The listing below is to be given again in full and word for word, without its images.

Dataset content =
⁂

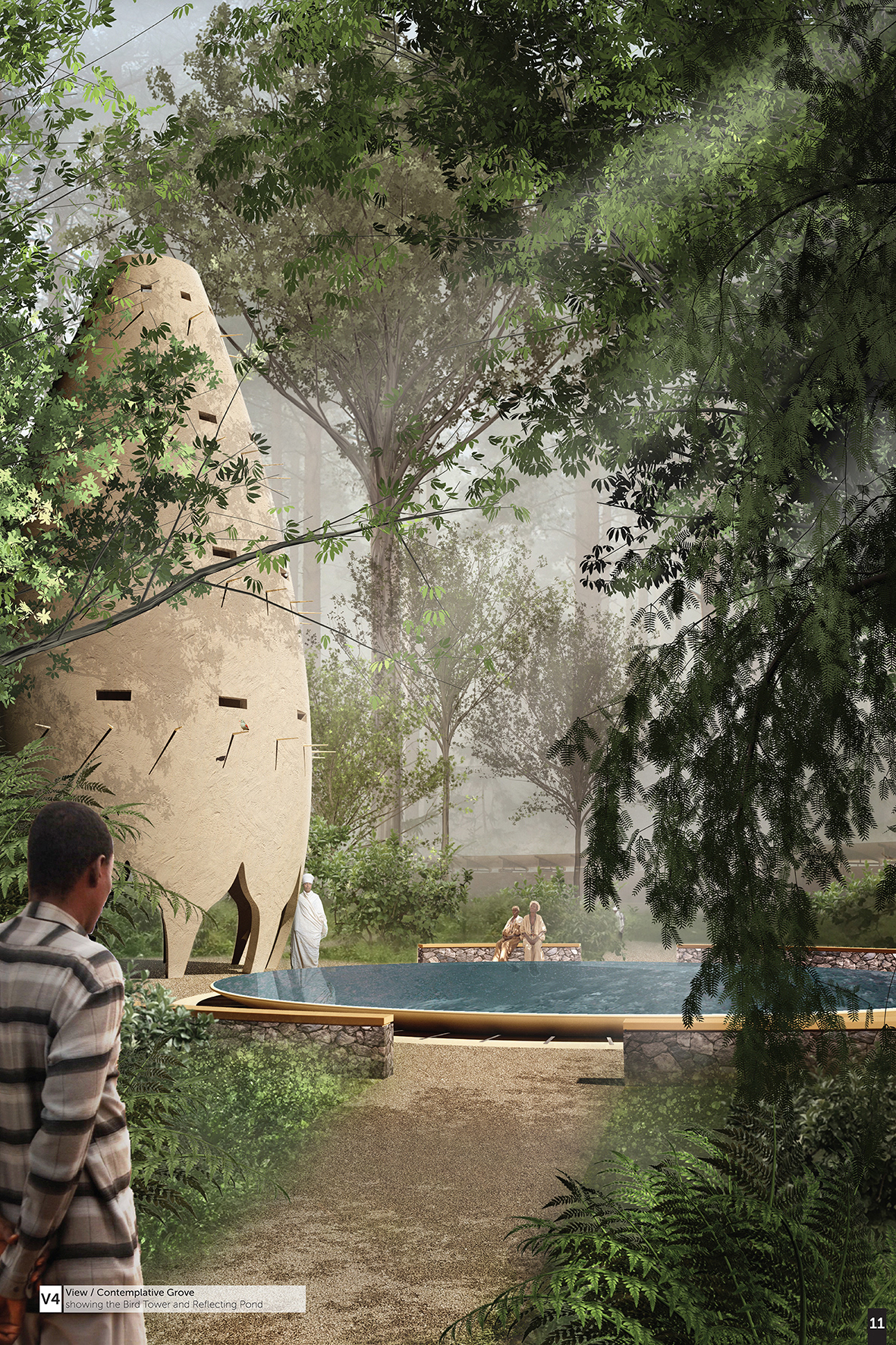 The Chapel embeds Christian references, notably the trinity of openings behind the alter situated below the central oculus. In so doing we acknowledge Ethiopia’s dominant religious group, yet this symbolism is subtle and can be viewed in a nonsectarian light. This move makes the architecture inviting to multiple local communities, while still making physical a sacred space. Furthermore, nature itself, while claimed by many religions is not a passive recipient to the architecture of this project. Instead, nature is front and center as a collaborator. Silva Loop aspires to create a sacred space that accommodates a nondenominational religious practice and an expanded congregation to include non-human actors, including birds and trees.
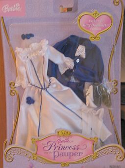Barbie as The Princess and the Pauper Ken as King Dominick and Barbie as The Princess and the Pauper Ken as King Dominick AA are now appearing in stores ($19.99). (Both Caucasian and AA versions are available). Ken comes dressed in the King Dominick outfit (burgundy jacket & knickers, white shirt w/ascot, and a white & gold vest) with crown, "holding" a gift box with a tiara on top. The package includes the Julian outfit (white shirt, blue & gold vest, and navy knickers) with a book & pink rose. There is one pair of gold vinyl boots to share between the two outfits. Both versions feature the enlarged head molds. The Caucasian version uses an enlarged 1997 Ken head mold while the AA version uses the 1991.97 Modified Jamal, with new markings "1991-1997" for the enlarged version. I have begun to list these enlarged head molds separately on the Keeping Ken/Ken Parts Department page. Also, Barbara in Canberra, Australia sent these two photos below of the fashions connected with the line. More info about Barbie® as The Princess and the Pauper Ken® as King Dominick™ and Julian™ the Tutor on the Keeping Ken The Millennium Era 1999-Beyond page.
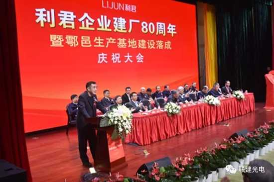 八十年的榮耀與艱辛,八十年的成就與汗水,利君企業曾經為抗日戰爭、解放戰爭的勝利及邊區人民的制藥療傷,做出過突出貢獻;曾經為社會主義建設和短缺醫藥,做出過突出貢獻。毛澤東、江澤民兩代領袖更曾為企業親筆題詞。而在今日利君企業建廠80周年慶祝大會的重要歷史時刻,聯建光電見證了這一榮耀時刻并獻出了自己的祝福,實感榮幸。十余年來,聯建光電一直以“全球數字顯控系統提供商”為定位,秉承著用戶至上的理念,在業內樹立了良好的口碑。未來,聯建光電將向利君企業看齊,不斷向著更高技術、更優服務、更硬質量邁進,致力于為每一位客戶提供專業的LED顯示系統解決方案,打造百年品牌,讓“中國智造”走向全球!

⁂

Task answer =
 The Chapel embeds Christian references, notably the trinity of openings behind the alter situated below the central oculus. In so doing we acknowledge Ethiopia’s dominant religious group, yet this symbolism is subtle and can be viewed in a nonsectarian light. This move makes the architecture inviting to multiple local communities, while still making physical a sacred space. Furthermore, nature itself, while claimed by many religions is not a passive recipient to the architecture of this project. Instead, nature is front and center as a collaborator. Silva Loop aspires to create a sacred space that accommodates a nondenominational religious practice and an expanded congregation to include non-human actors, including birds and trees.
Barbie as The Princess and the Pauper Ken as King Dominick and Barbie as The Princess and the Pauper Ken as King Dominick AA are now appearing in stores ($19.99). (Both Caucasian and AA versions are available). Ken comes dressed in the King Dominick outfit (burgundy jacket & knickers, white shirt w/ascot, and a white & gold vest) with crown, "holding" a gift box with a tiara on top. The package includes the Julian outfit (white shirt, blue & gold vest, and navy knickers) with a book & pink rose. There is one pair of gold vinyl boots to share between the two outfits. Both versions feature the enlarged head molds. The Caucasian version uses an enlarged 1997 Ken head mold while the AA version uses the 1991.97 Modified Jamal, with new markings "1991-1997" for the enlarged version. I have begun to list these enlarged head molds separately on the Keeping Ken/Ken Parts Department page. Also, Barbara in Canberra, Australia sent these two photos below of the fashions connected with the line. More info about Barbie® as The Princess and the Pauper Ken® as King Dominick™ and Julian™ the Tutor on the Keeping Ken The Millennium Era 1999-Beyond page.
 八十年的榮耀與艱辛,八十年的成就與汗水,利君企業曾經為抗日戰爭、解放戰爭的勝利及邊區人民的制藥療傷,做出過突出貢獻;曾經為社會主義建設和短缺醫藥,做出過突出貢獻。毛澤東、江澤民兩代領袖更曾為企業親筆題詞。而在今日利君企業建廠80周年慶祝大會的重要歷史時刻,聯建光電見證了這一榮耀時刻并獻出了自己的祝福,實感榮幸。十余年來,聯建光電一直以“全球數字顯控系統提供商”為定位,秉承著用戶至上的理念,在業內樹立了良好的口碑。未來,聯建光電將向利君企業看齊,不斷向著更高技術、更優服務、更硬質量邁進,致力于為每一位客戶提供專業的LED顯示系統解決方案,打造百年品牌,讓“中國智造”走向全球!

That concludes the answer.